Exercise requirements:
Reproduce the entire listing exactly. Leave the pictures out.

Recorded information:

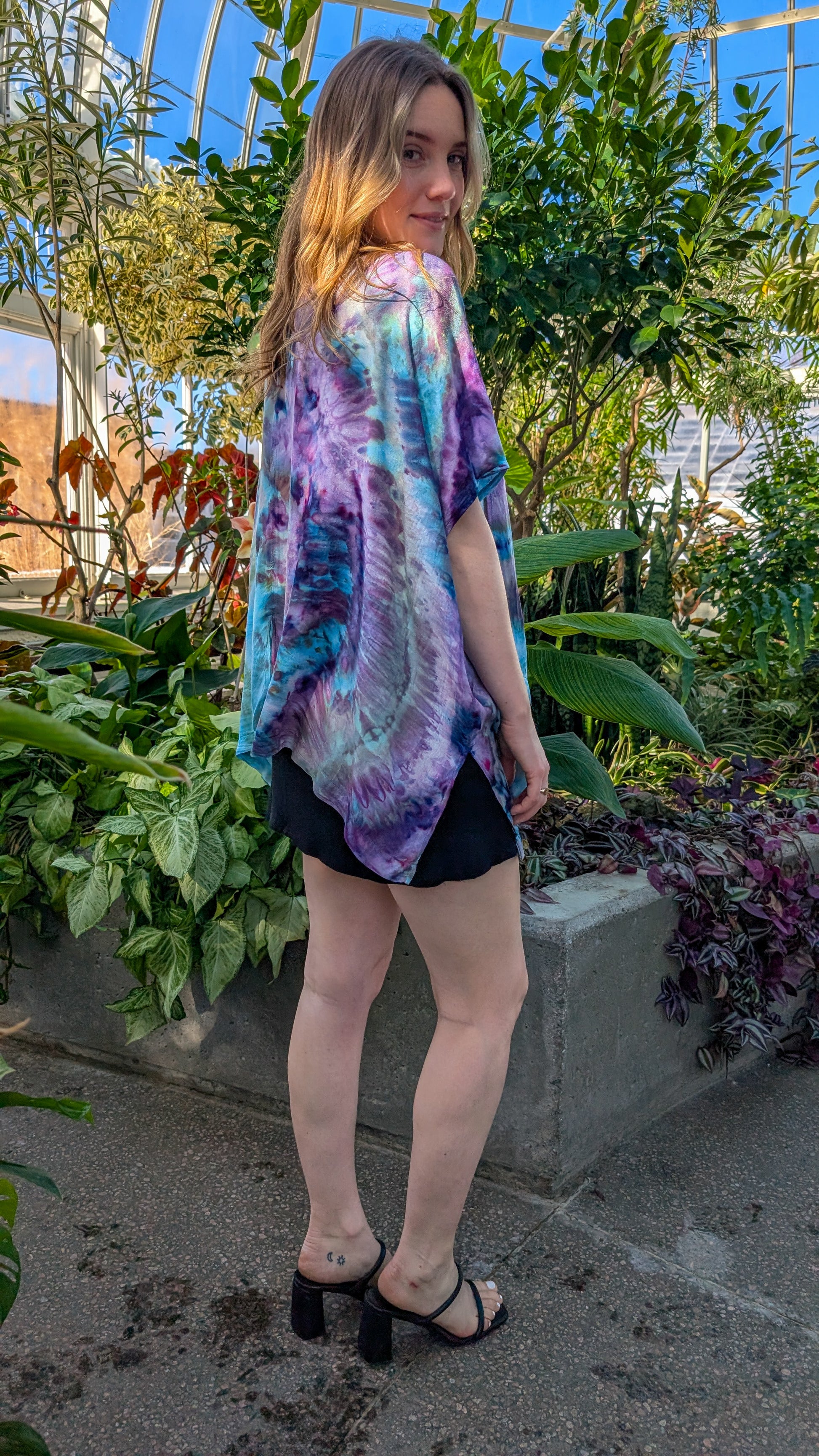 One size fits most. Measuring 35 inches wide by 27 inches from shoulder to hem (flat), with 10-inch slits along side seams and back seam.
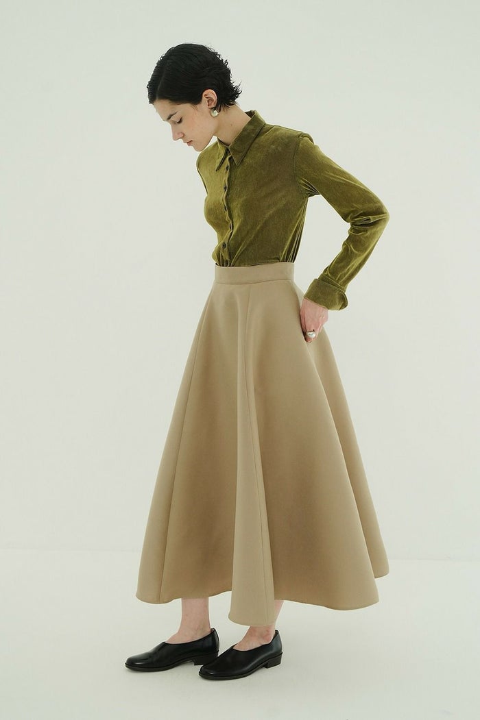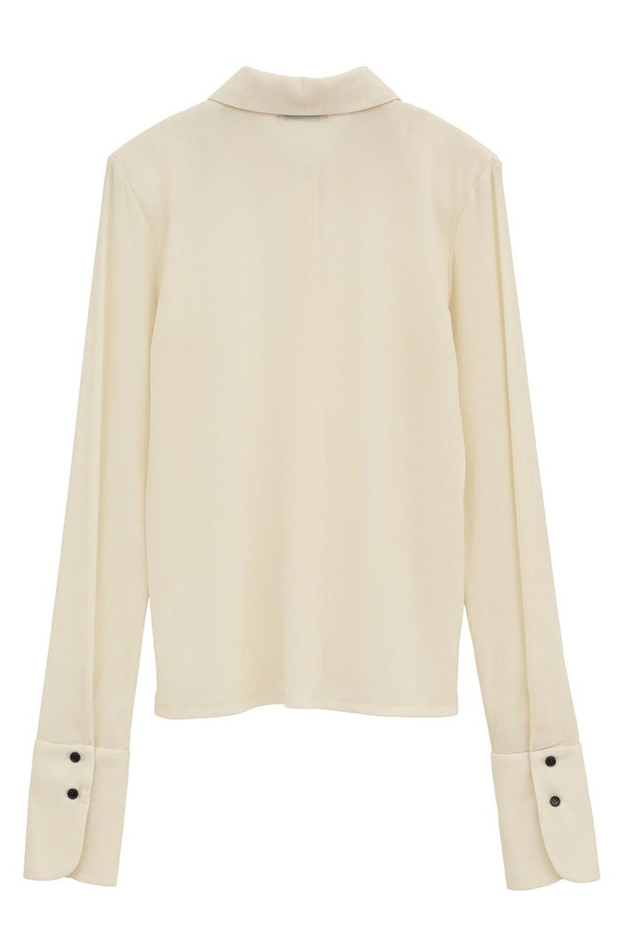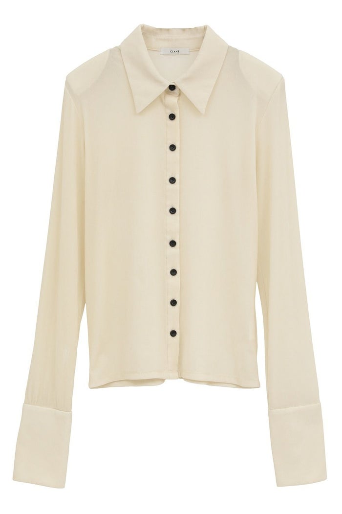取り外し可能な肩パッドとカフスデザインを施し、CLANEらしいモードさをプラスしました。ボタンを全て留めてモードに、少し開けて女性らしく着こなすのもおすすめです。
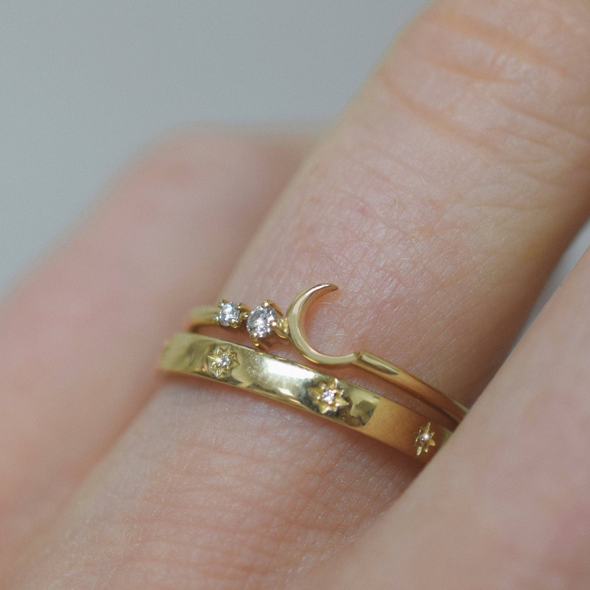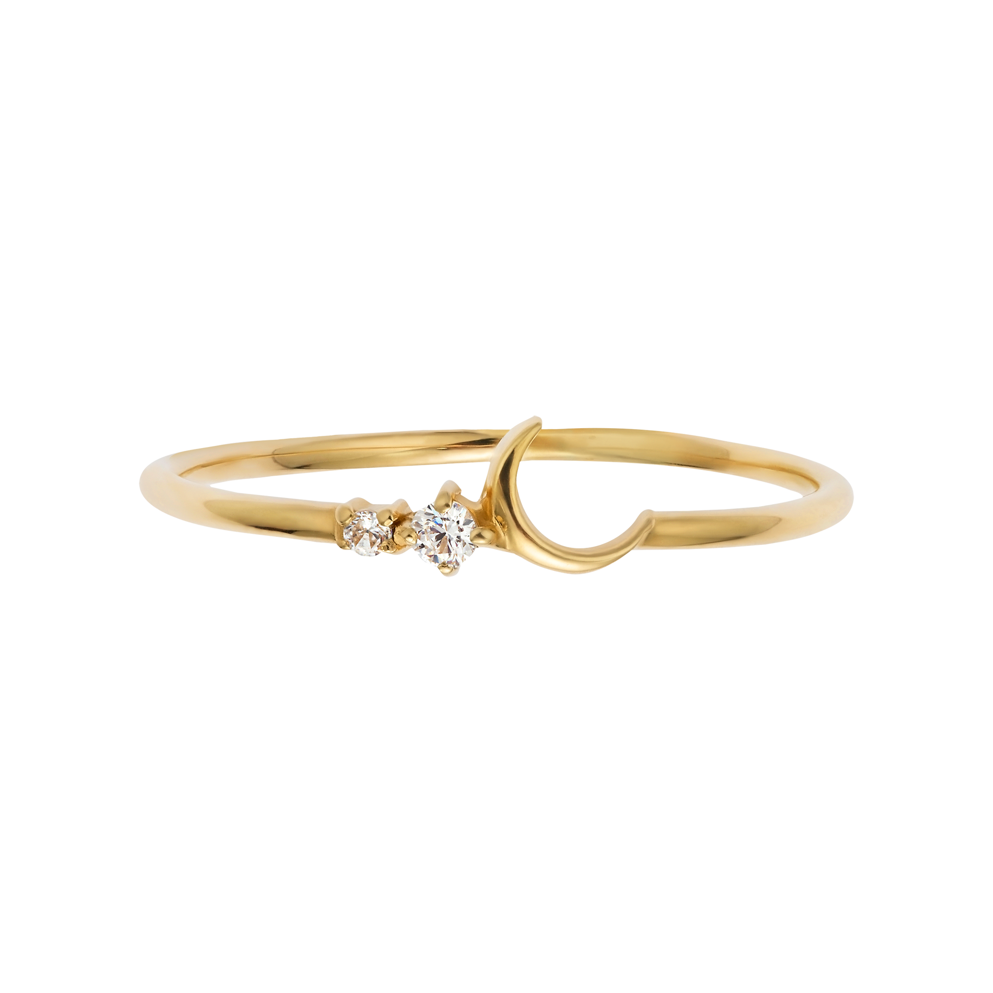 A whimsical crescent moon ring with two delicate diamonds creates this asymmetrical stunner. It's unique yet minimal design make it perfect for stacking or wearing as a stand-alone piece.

Solution:
 One size fits most. Measuring 35 inches wide by 27 inches from shoulder to hem (flat), with 10-inch slits along side seams and back seam.
取り外し可能な肩パッドとカフスデザインを施し、CLANEらしいモードさをプラスしました。ボタンを全て留めてモードに、少し開けて女性らしく着こなすのもおすすめです。
 A whimsical crescent moon ring with two delicate diamonds creates this asymmetrical stunner. It's unique yet minimal design make it perfect for stacking or wearing as a stand-alone piece.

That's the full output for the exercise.